The problem is very simple; more the collaboration, more the security threats. BYOD program is also a major reason behind this issue. Bring Your Own Device culture has penetrated the mainstream and organizations all over the globe encourage their employees to use their own device at their own connivance. It is quite similar to Google’s Free Food program; they offer free food at their campus and save tons of time that ultimately benefits the company itself.

However, BYOD brings security vulnerabilities. Almost every employee has more than one portable device; it could be mobile, tablet, wearable devices like smart watches and even laptop. Some enterprises are smart enough to adapt a proper check and balance system where only authorized users can use corporate network with authorized devices only. This tactic solves half of the problem. For example, this way an unauthorized user cannot access sensitive information and data stored on the network.
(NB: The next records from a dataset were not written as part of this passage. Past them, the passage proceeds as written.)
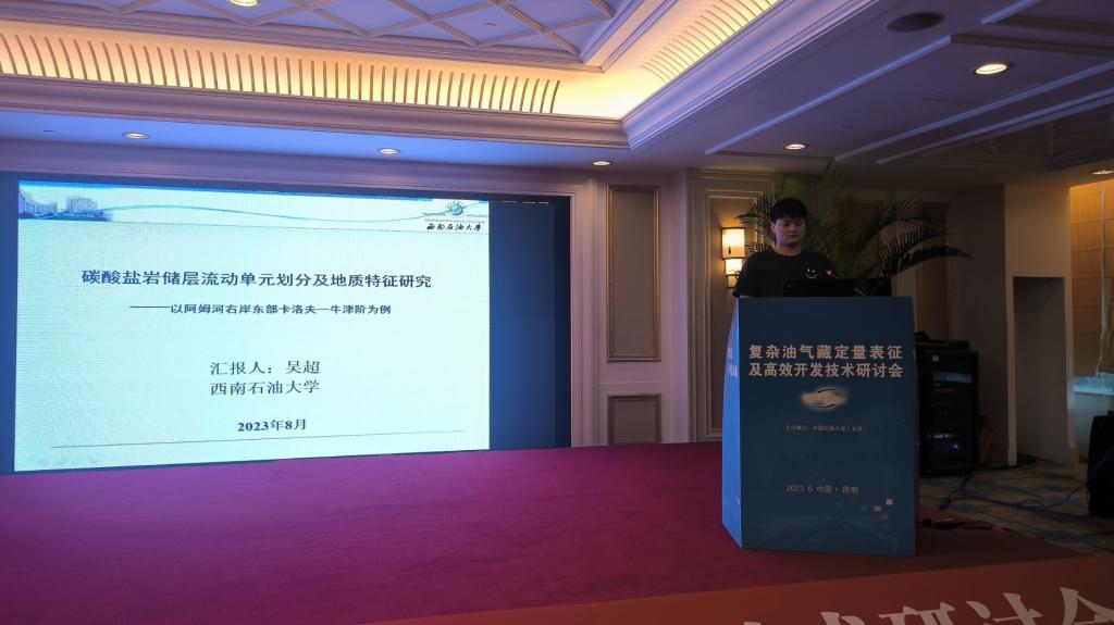 本次研討會,錄取報告40余篇。我院碩士研究生吳超等人參加口頭匯報,就碳酸鹽巖儲層流動單元劃分及地質特征研究專題做了詳細報告,同時,學生們還與參會專家學者進行了廣泛的研究討論與交流。
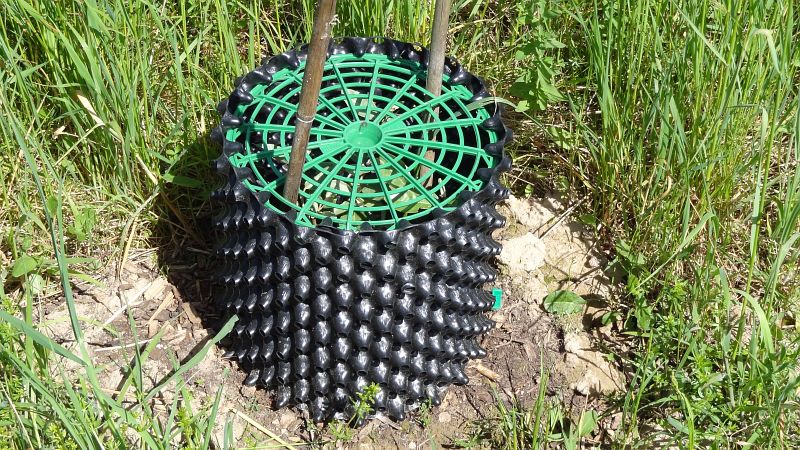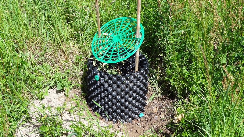 Jungbäumchen haben wir auch so ähnlich geschützt mit einem kleinmaschigen Drathzaungitter und mit 2 Stäben fixiert. Das umgebende Gras war dabei so schnell gewachsen, dass wir die Bäumchen ohne die Stäbe vermutlich abgemäht hätten.
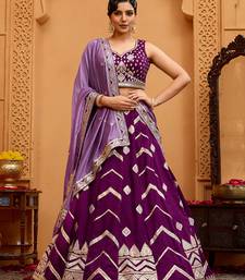 Burgundy- silk fabric sequins embroidery semi-stitched lehenga & unstitched blouse with dupatta
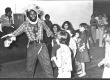 Sorteio de brindes para os filhos dos funcionários. Animador se veste de espantalho. |
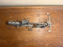 Material and Finish: The model is crafted from solid iron or metal, featuring a distressed black or antique finish for a classic look. The wheels may have rubber tires, and the seat could be made of wood.
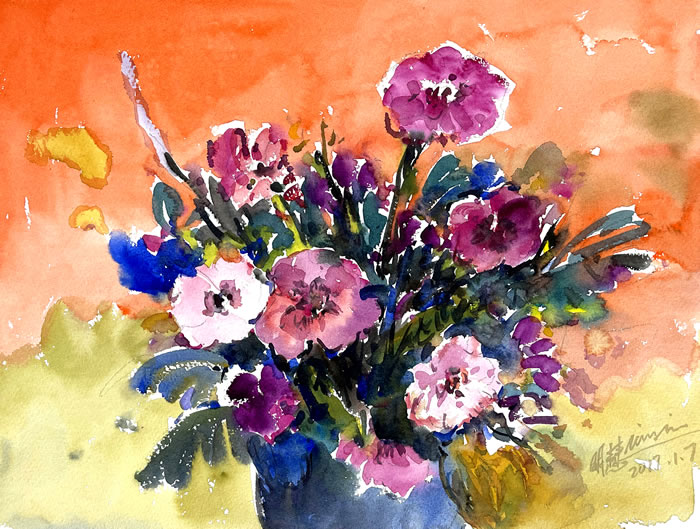 花兒與生俱來的美麗和個性,只有用心去觀察去感悟才能真正發現它們內在的美麗和神奇。 在大學一年級學習《裝飾花卉》課程的時候我對花兒就有了一知半解的認知。早年的水粉畫、水彩畫靜物寫生作品花兒又是我比較喜歡多用的素材。隨著對花兒的喜好和認知的提高,從2006年開始我創作了一批干花兒系列作品,2013年以后花卉創作基本上成為我繪畫的重要題材。
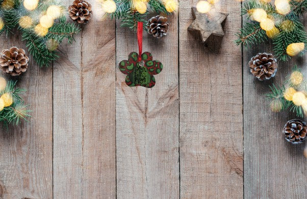Celebrate the special bond with your furry friend using this Paw Print Shaped Sublimated Ornament. Crafted from sturdy MDF with one-sided printing, it features the heartfelt phrase "Love has Four Paws." Measuring 3 x 3 inches, it includes an attached heart charm and is finished with a red ribbon, ready to hang and add a warm, loving touch to your space.
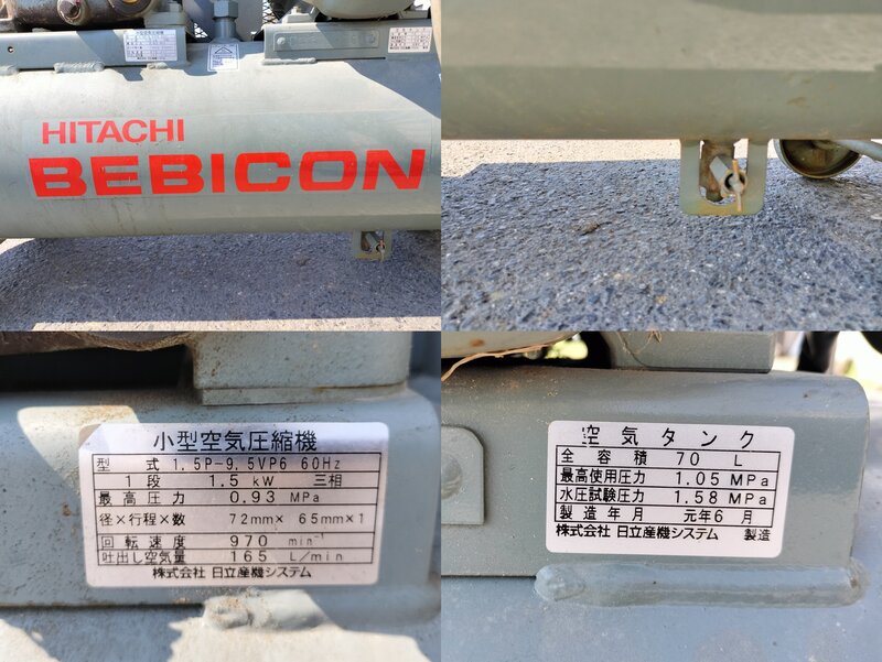 日立 エアーコンプレッサー エアコンプレッサー 高圧 1.5P-9.5VP6 60Hz タンク容量 70L 三相 200V 通電確認OK 中古 滋賀県
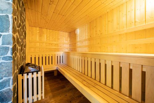 – pozostáva z 2 prepojených izieb s manželskou posteľou, priestorom na posedenie a satelitnou TV – súkromná kúpeľňa so sprchovacím kútom
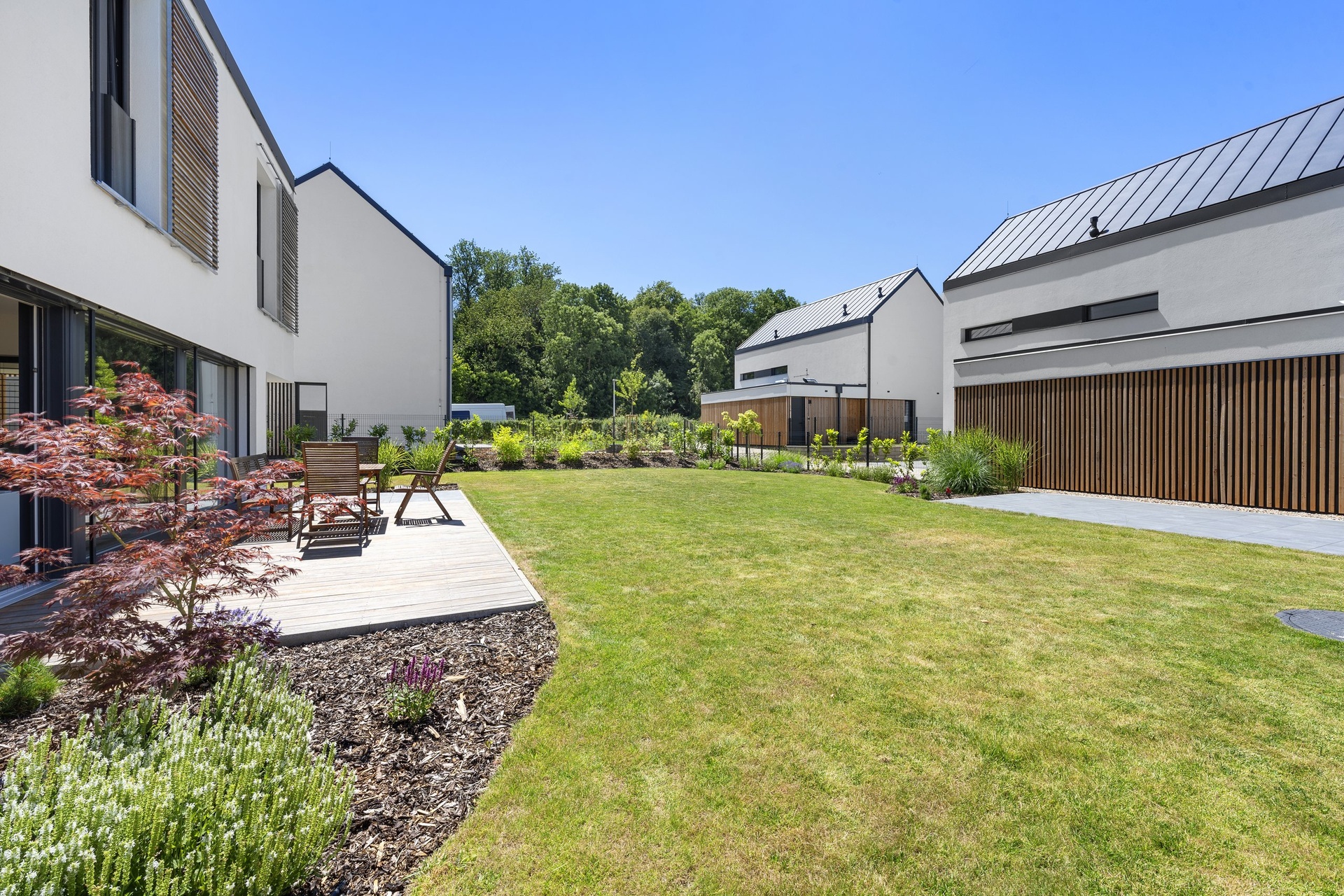 Zahrada je pečlivě upravená, s okrasnými záhony a automatickým zavlažovacím systémem napojeným na nádrž na dešťovou vodu. Terasa navazující na obývací pokoj nabízí příjemný prostor pro relaxaci a posezení. K domu náleží prostorná garáž a zpevněný příjezdový prostor pro další parkování.
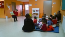 Al Jardín Infantil y Sala Cuna “Padre Mamerto” de la JUNJI. Los niños y niñas de la Sala Cuna Mayor y Nivel Heterogéneo disfrutaron de los cuentos “Sonidos” adaptado por Paula Vera y del cuento “Conejo y sombrero” de Verónica Álvarez, en teatro Kamishibai; para luego participar de la caja viajera, donde pudieron disfrutar de los diferentes libros que esta llevaba. Estos cuentos fueron narrados por tía Mónica Flandez, voluntaria de la Biblioteca, en una actividad que se realizó en el Jardín Infantil y Sala Cuna “Padre Mamerto”.

On the other hand, more devices mean more security threats. Not only employees but other entities like clients, guests, partners and even contractors can benefit from BYOD program. Now here comes the interesting yet alarming part; we, human are the weakest link here. Losing a device means losing valuable data. And more devices mean more chances of losing data to hackers, attackers and cyber criminals.

jlgkmdsfc (3)

Enterprises deal with such situations in different ways; some have strict policies regarding incidents like these and they have specialized IT teams that can remotely wipe clean or lock a lost or stolen device. The main purpose is to protect corporate data from reaching in wrong hands. Cloud providers usually offer advanced security encryption and measures but the weakest point in the security defines how secured the system actually is.

There are many areas where enterprises and their IT teams need to adapt changes and raise their security level. First of all, in order to make BYOD program more practical and secure, enterprises must define policies for authorized users and authorized devices. Only specific devices should be allowed to connect with corporate network and more specifically they should have different roles and level of privileges.

A full time employee with high clearance should have more access to the network than a temporary contractor who only needs access to few basic things. Other than these policies, there should be proper implementation of the security measures to point out infected devices. Even a single malware loaded device can cripple the entire corporate network and steal valuable data. A centralized system of management can prove itself effective as it would be easier for IT teams to add/remove authorized devices and users from one place.